Sheri Stryhorst, of the Alberta Wheat and Barley Commission, noted the challenge in increasing adoption of government initiatives, while also pointing to her research pertaining to the price difference between urea and enhanced efficiency fertilizers offered at the retail level. Unfortunately, the connection was poor, the comments were garbled. The government moderators acknowledged her concern, but did not ask for this information to be repeated for the record.
One comment made indicated the similarities in the government language used with that seen coming from the European Union. AAFC stressed that there is no mandate to reduce fertilizer use, while this is a "Canadian initiative to address a unique circumstance" that will not impede crop yields or economics.
Other comments from the audience:
-- This can't be a one-size fits all approach, noting differences between Ontario versus prairie crop production;
-- The accuracy of emissions measurements was questioned. How can you ask producers to adopt if you can't measure the outcomes?

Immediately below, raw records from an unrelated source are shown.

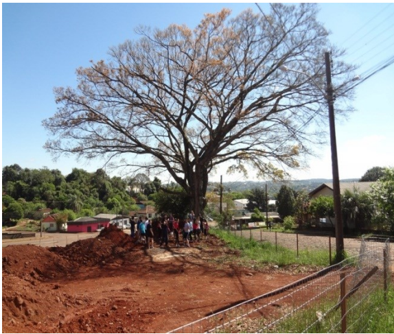
Figura 15 - Equipe Novo Olhar – EMEF Presidente Costa e Silva

A revista é um suporte para desencadear inúmeras atividades e é um primeiro passo para outras produções. Na primeira edição foram impressas 508 revistas com recursos do prêmio Darcy Ribeiro 2012 e na segunda edição 500 exemplares, com investimento da Prefeitura Municipal. Esta oportuniza a universalização do acesso as diferentes informações da história do Município de Panambi do período de 1898 a 1954, vivenciados nos diferentes contextos econômico, cultural, religioso, social e político, mantendo viva a memória do cotidiano. Segue imagens da revista e do dia do lançamento.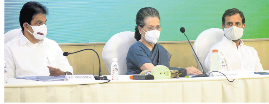
ଭୁବନେଶ୍ୱର, ୧୩/୩ (ବ୍ୟବହାର): ଅର୍ଥତତ୍ତ୍ୱ ଚିନ୍ତାଧାରା ପ୍ରତିଷ୍ଠାପନା...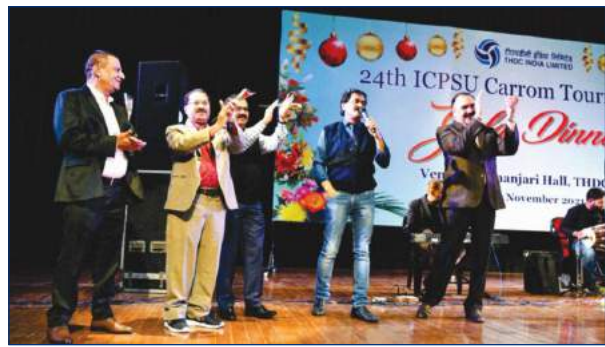
गाला डिनर के आयोजन का दृश्य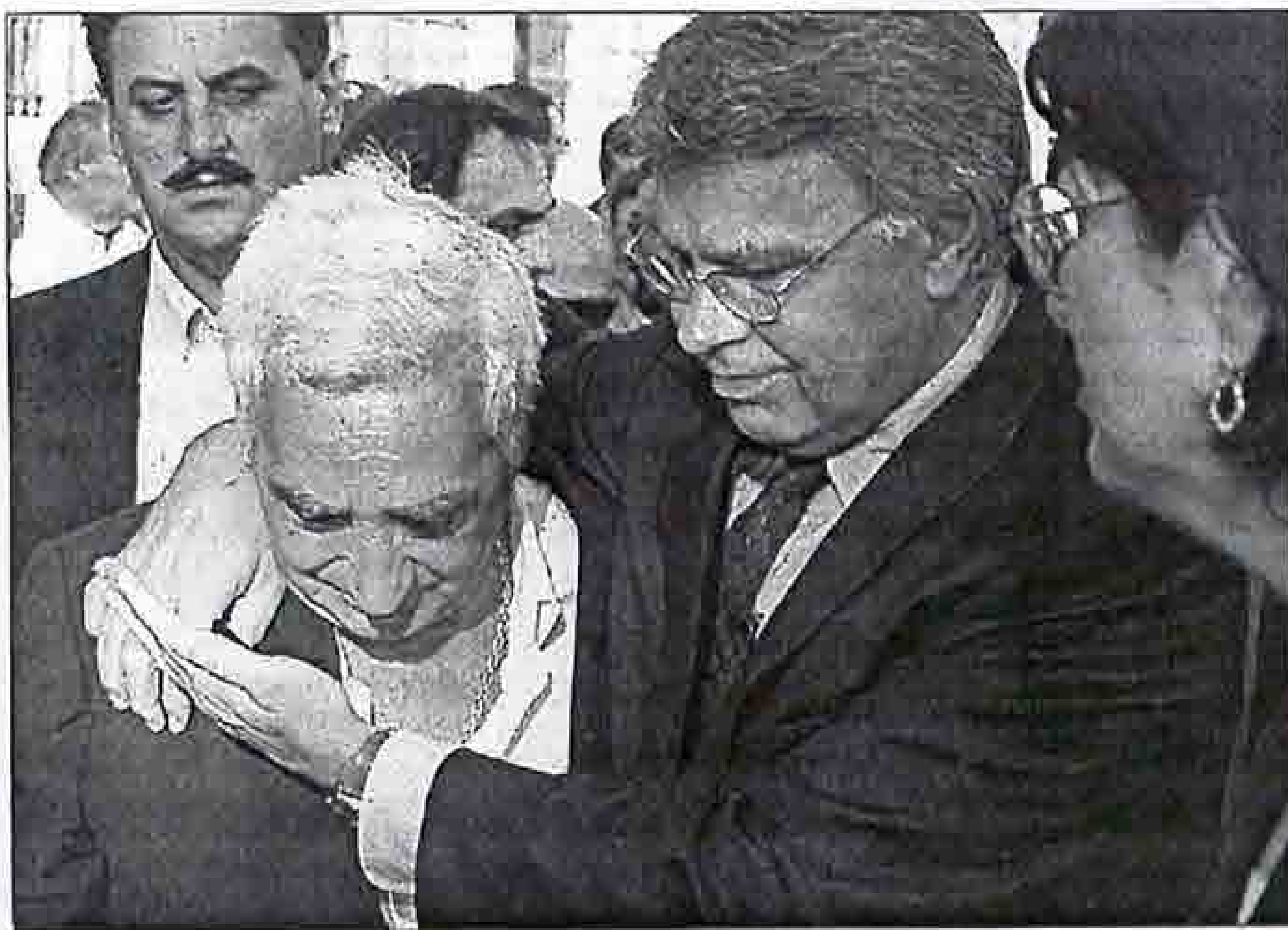
J. L. NOGITO

El ex-secretario general del PSOE destacó la «coherencia» de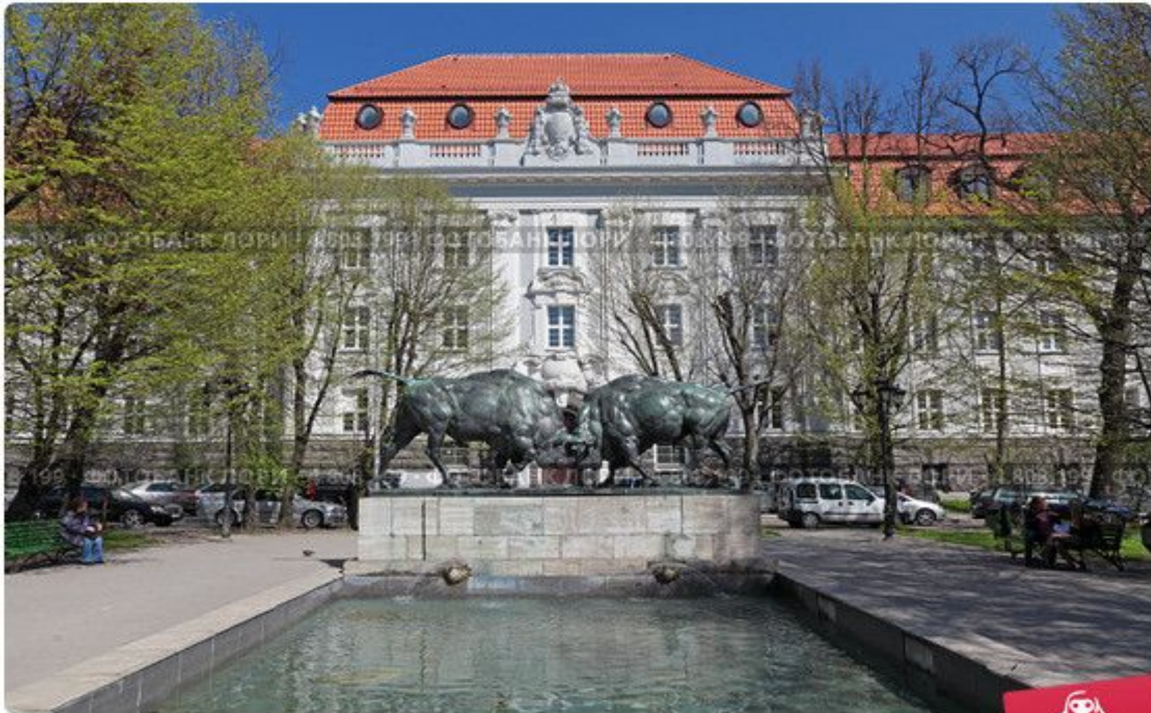
Скульптура "Борющиеся зубры", город Калининград

Открытие бронзовой скульптуры состоялось 12 ноября 1912 года. Её автор – скульптор Август Гауль.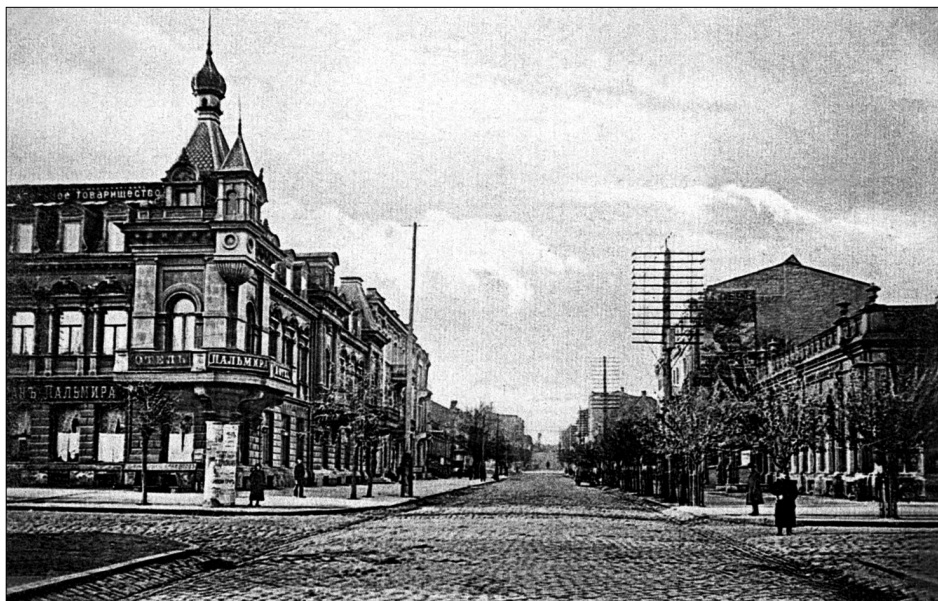
Екатеринослав (дореволюционная открытка) Yekaterinoslav (pre-revolutionary postcard)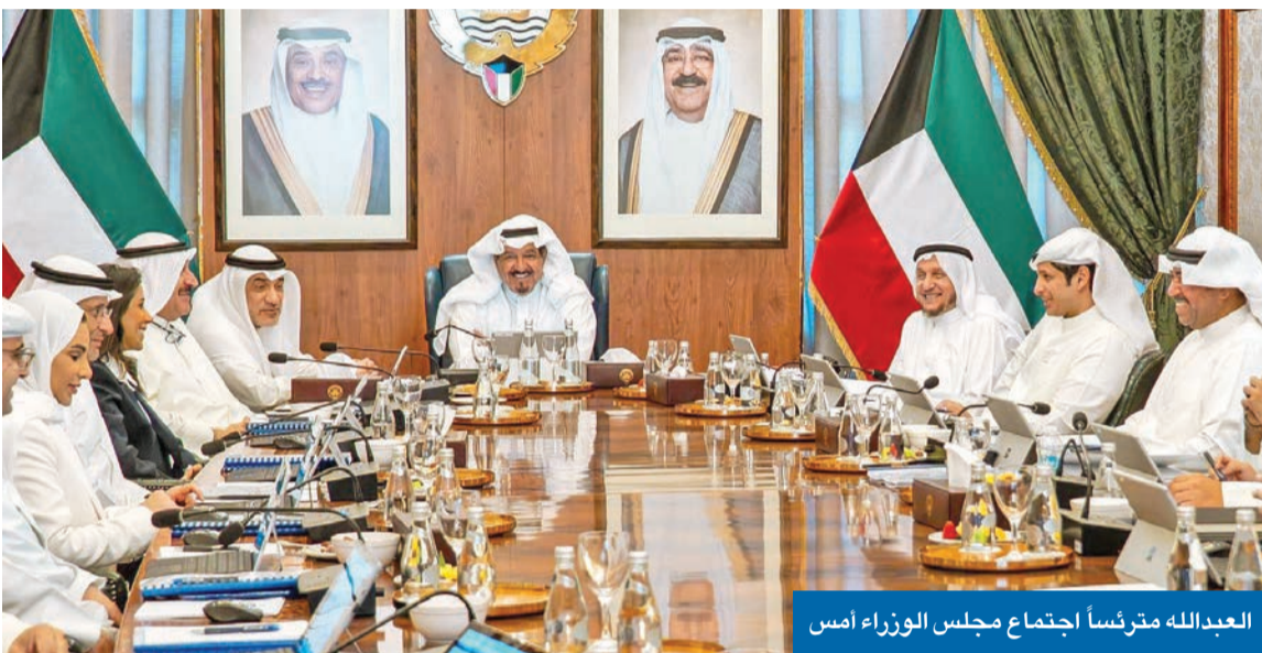
العبالله مترئساً اجتماع مجلس الوزراء أمس

سفير فرنسا: شراكة تمتيزة مع الكويت في مجال الصحة « 03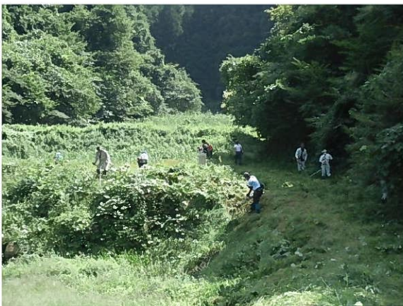
遊休農地の草刈り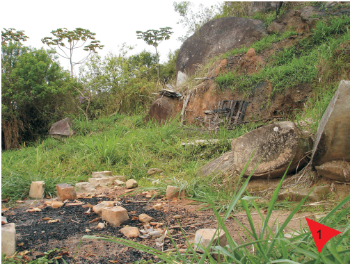
A faixa de praia encontra-se alterada, com cortes de barranco, devido à ocupação desordenada do local.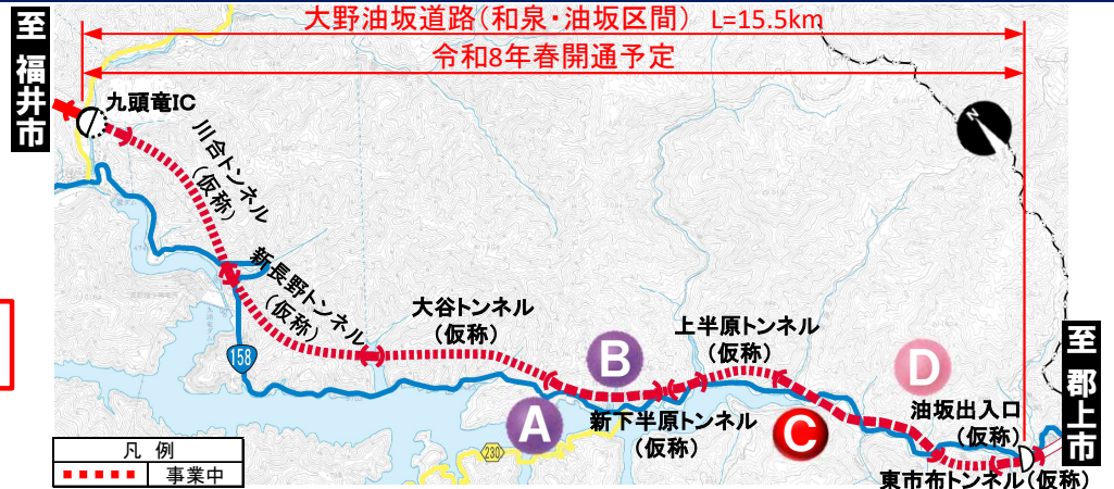
大野油坂道路（和泉・油坂区間）工事状況

※表示は本線部分の進捗を表したものです ※模式図のため現場状況と一致しない場合があります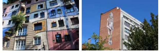
Resim. 17, 18. Viyana ve Brüksel duvar yüzeyi boyama örneklerinden görüntüler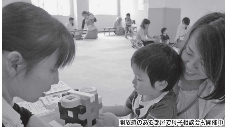
開放感のある部屋で母子相談会も開催中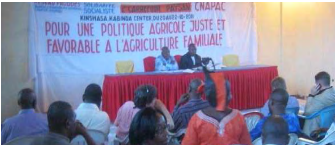
Une vue des participants aux travaux du Deuxième Carrefour Paysan à Kinshasa

sommes-nous ? ». Des représentants des organisations paysannes venues de tous les coins de la RD Congo ont eu à partager au cours de ces assises, des informations diverses sur l'état actuel de l'agriculture congolaise dans leurs environnements divers. Ils y ont également contribué aux analyses participatives de la situation du monde paysan congolais en général et de l'agriculture congolaise en particulier. Ainsi, avons-nous profité de cette occasion pour recueillir quelques réactions auprès certains représentants des provinces.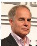
Herzog & de Meuron ピエール・ド・ムーロン スイス(2007)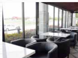
▲増設されたカフェスペースで はソファ席でゆったりと過ご せます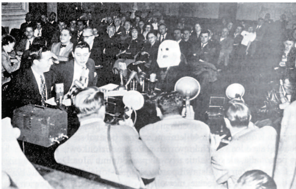
Zeznania Polaka z zasłoniętą twarzą przed Specjalną Komisją Kongresu USA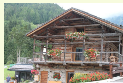
“L’Ariet” di Vallada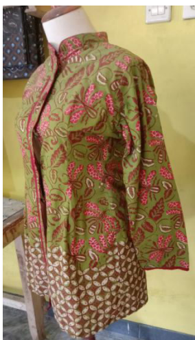
Gambar 8. Perubahan dan Perkembangan Batik Motif Walang untuk seragam pegawai/ASN di Kabupaten Gunungkidul dengan kombinasi Batik Kawung (Kalimosodo Colection)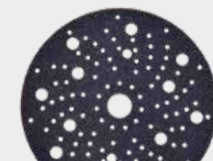
3М™ Hookit™ Подложка с мультислойной структурой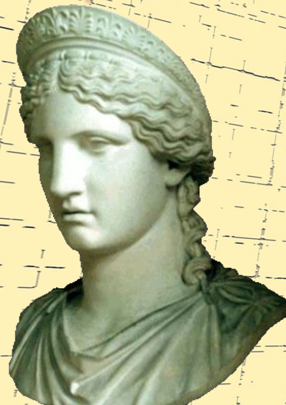
Гера (богиня брака и супружеских уз)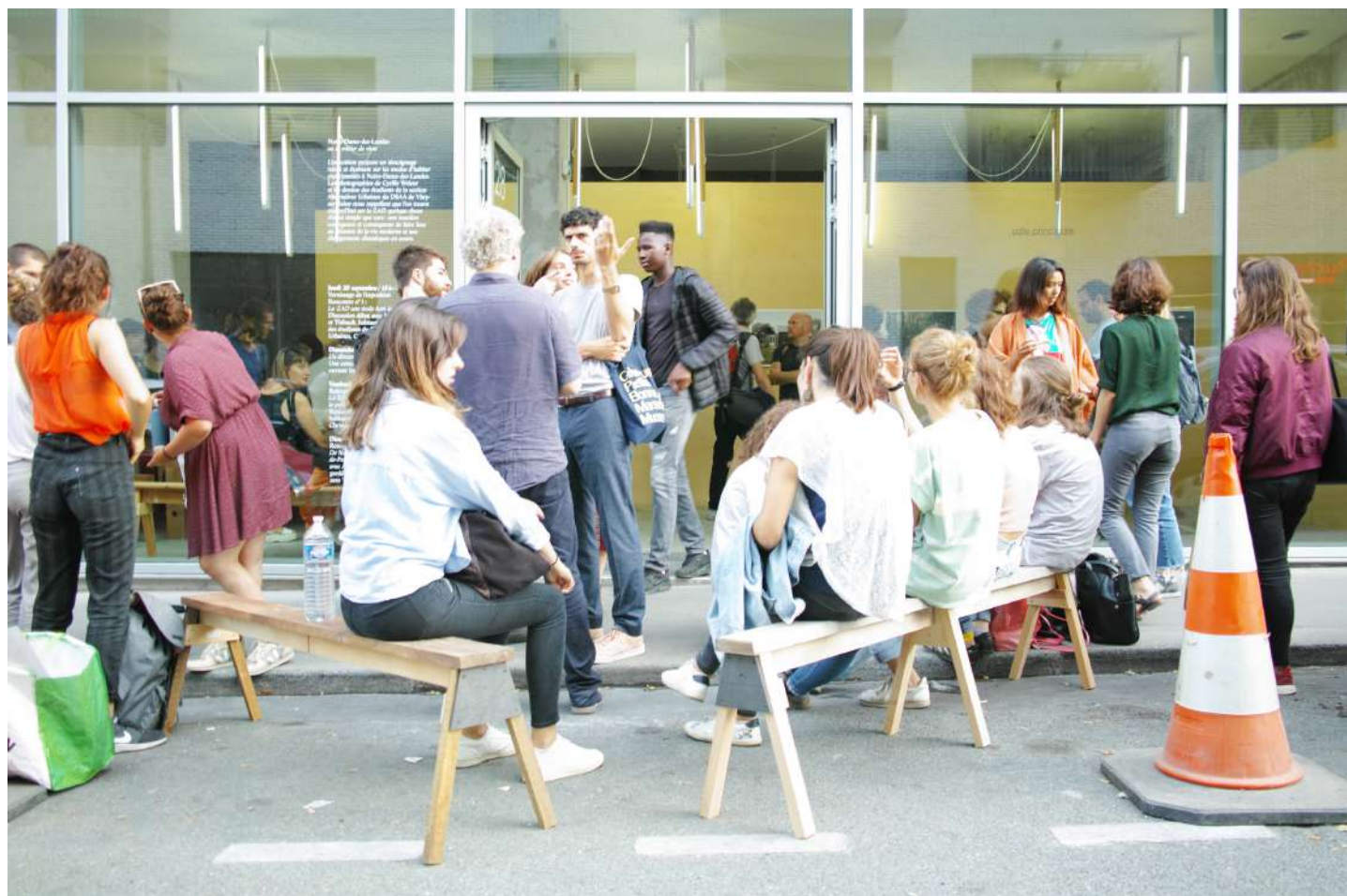
vernissage | Notre-Dame-des-Landes ou le métier de vivre | exposition collective | Salle Principale | du 20 septembre au 07 octobre 2018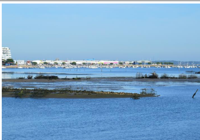
K1 port de Rocher -nombreuses ferrailles émergentes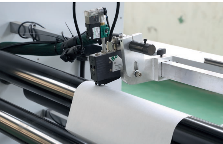
Primera aplicación de cordones continuos con AX Diamond

Ruizhi Packing Machinery Co., Ltd., con sede en Wenzhou, (China) exporta el 70 % de sus máquinas en todo el mundo. Desde 2003, la empresa se centra en la fabricación de máquinas para fabricar bolsas de papel y apuesta por un encolado de calidad.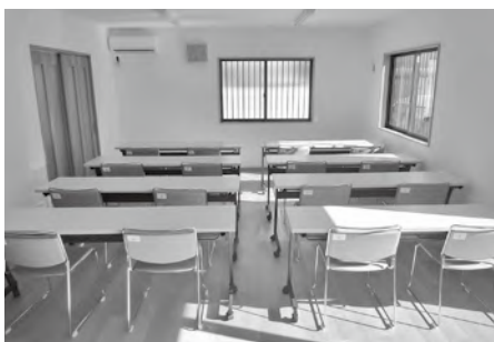
助成金で購入した机と椅子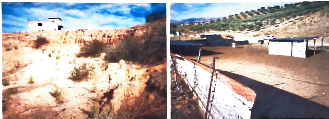
Foto 7 e 8 – Terreno fg. 7 p.lle 335-336-337-338-339-340, prelievo di terra e ricoveri precari per ovini.

Il terreno di forma irregolare, parzialmente declive è attualmente incolto, ed è recintato con paletti di legno e sovrapposta rete metallica e filo spinato. Su di esso sono presenti 15 vecchi ulivi, un fabbricato di mq 53,50 in blocchetti di cemento grezzo in pessime condizioni per il ricovero di ovini ( all. 23b ), numerose arnie per l'apicoltura itinerante, inoltre è attraversato dalla condotta irrigua. Il terreno costituito prevalentemente da arenaria incoerente, in passato è stato oggetto di prelievo ed utilizzato come sottofondo stradale. La striscia di terreno costituita dalle p.lle 336 e 339 poste a ridosso della stradina sterrata denominata Via dei Gigli, è occupata abusivamente da alcuni ricoveri precari per ovini, da terzi sconosciuti a detta dell'esecutato ( foto 1-2-7-8 ).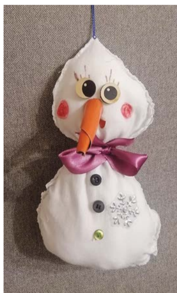
«Снеговик Снежок», Курило Добрыня, 8 лет

В конкурсе приняли участие юные жители округа от 5 до 11 лет. Вместе с родителями они создали чудесные игрушки, чтобы украсить новогоднюю красавицу. В творчестве ребят не ограничивали – каждый участник подошел к работе креативно. С начала месяца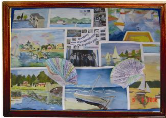
Εικόνα 12. αφίσα 120*110 cm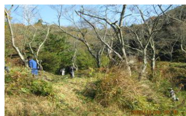
坂川池草刈り作業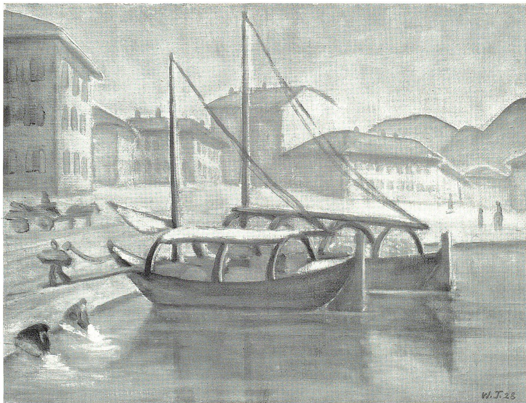
VENEDIG. Nach einem Gemälde von W. Thaler, St.Gallen.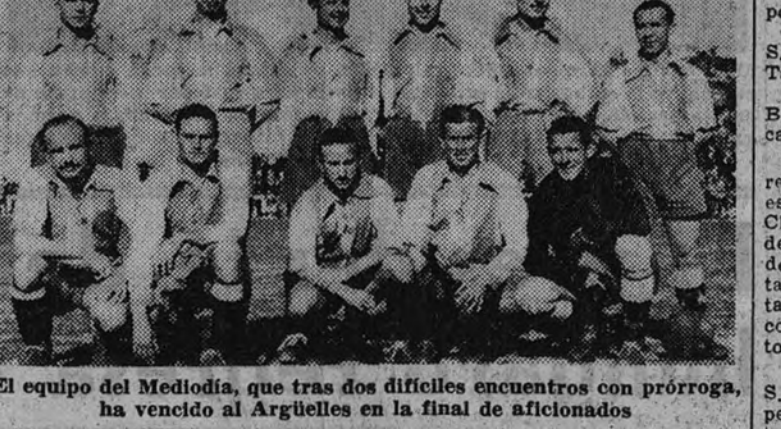
El equipo del Mediodía, que tras dos difíciles encuentros con prórroga, ha vencido al Argüelles en la final de aficionados

También hubo que jugar la prórroga en el desempate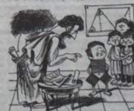
- Пифагор, что это у тебя за штаны?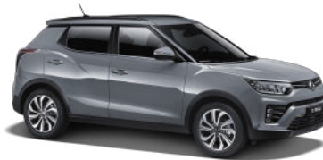
Platinum Gray (ADA)*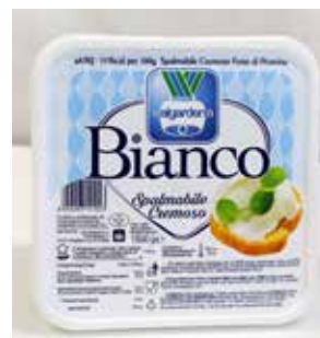
Formaggio Spalmabile VG559 Kg. 1,5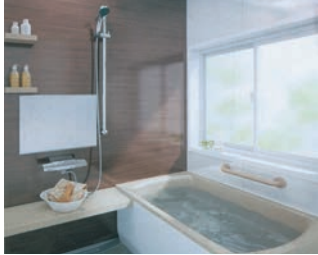
浴室・浴槽工事施工 素早く完成

建設業 千葉県知事許可(般-3)第18565号 産業廃棄物収集運搬業 千葉県知事許可 第1200069142号 産業廃棄物処分業 千葉県知事許可 第1220069142号 一般廃棄物収集運搬業 千葉県知事許可 第22号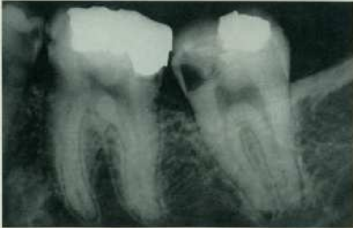
Abb. 52: Spongioma-Zeichnung gut erkennbar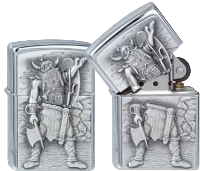
Conquerer 300.099 #200 · 39,50 €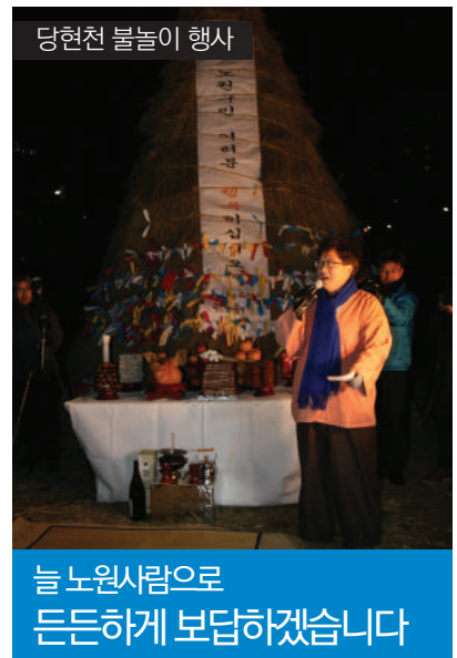
당현천 불놀이 행사

-- AAFC's chart titled Average Emissions Intensity for Cereal Crops (excluding rice) 2005-2017 shows Canada's emission intensity higher than all other countries, which was said to be erroneous by one participant.
-- If enhanced fertilizers work so well, why are they not already adopted? The timing of nutrient release was also noted, which can be ineffective for some crops in some areas.
Ironically, this webinar took place on the same day that the Toronto Sun reported that the federal government is proposing a tax on trucks and sport utility vehicles. The level of taxation reported is $1,000 for a Ford F-150 and a $4,000 tax for a Dodge Ram 3500 heavy duty pickup. There is no stone left unturned in the government's quest to reach its climate targets, while this move will throw fuel on the fire for those who see the government attacking rural lifestyles and working people.
Many parallels can also be drawn with Canada's energy industry. While the world is asking for more Canadian energy products and U.S. senator Joe Manchin toured Alberta's oilsands this week, Prime Minister Justin Trudeau was in Vancouver pitching electric cars and the government is also working on a "just transition" program to move energy workers in the west out of energy production and into green jobs.
On April 12, Ron Wallace of the MacDonald Laurier Institute told QR77 talk radio that "any energy transition will be far more difficult to achieve than most political leaders presently comprehend or are even willing to admit." He goes on to say that leaders must consider "the practicality, the feasibility and the consequences of an excessively rapid wholesale transition of the global energy system and the economic impacts that are falling out from it."
Government leaders must view agriculture in the same fashion. Climate change goals cannot be allowed to collide with the food inflation and food security issues that the world is facing, just as they should not be allowed to trump energy security concerns.